I can see where this last one is the straw that broke the camel's back for some scientists. Nevertheless, Bergman makes a good even-handed case for the merits of superstring theory while making a detached and solid review of Woit's book in the process. A must read.

Another article on Smolin and Woit

2006-09-04T00:52:00.000-04:00

Scientific American joined the fray...

[Critics claim] string theory is not just untested but untestable, incapable of ever making predictions that can be experimentally checked. [...] There are, in fact, some 10^500 perfectly good M theories, each describing a different physics. The theory of everything, as Smolin puts it, has become a theory of anything.

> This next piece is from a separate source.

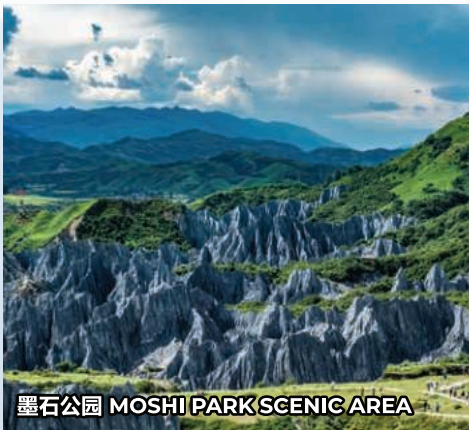
墨石公园 MOSHI PARK SCENIC AREA

I have no idea which side of this debate is correct. However, I would prefer to see reasonable debate on the questions as befits proper science. Instead I see the following (to be fair, these comments are all from Motl, but I do not see anything to the contrary from his string theory colleagues) ...

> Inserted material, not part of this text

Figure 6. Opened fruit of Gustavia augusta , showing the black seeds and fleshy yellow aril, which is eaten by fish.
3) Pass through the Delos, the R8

Sean Carroll has essentially joined Peter Woit and others in their irrational attack against existing high-energy theoretical physics (Carroll actually wrote that he did not agree with Woit, but apparently in Motl's world even allowing that Woit's book has a right to exist is an attack not on him personally but on the entire enterprise of theoretical physics)
semi-official unholy alliance between Cosmic Variance and the anti-science activists (another reference to Carroll)
They're orders of magnitude and decades of education from being able to do something like [presenting an alternative to superstrings]. The only thing that Woit and others offer and share is their hatred against science and a very poor knowledge of the actual problems that are being discussed.
[Greene's victory in the debate was] because of Brian Greene's virtues, based not only on his superior communication skills and psychological balance but also on his active knowledge of the topics and clean conscience of a real contributor to science. (So anyone with whom Motl disagrees is not only not "a real contributor to science" but is psychologically unbalanced? It is also worth noting that Motl's description of the debate bears VERY little resemblance to the audio.)
a scientific microbe (referring to Woit)
the attack is led by people with poor quantitative skills who dislike a careful and detailed technical analysis of the scientific issues [...] This description is primarily about Peter Woit
Another postmodern diatribe against modern physics and scientific method (about Smolin's book) and bitter emotions and obsolete understanding of high-energy physics (about Woit)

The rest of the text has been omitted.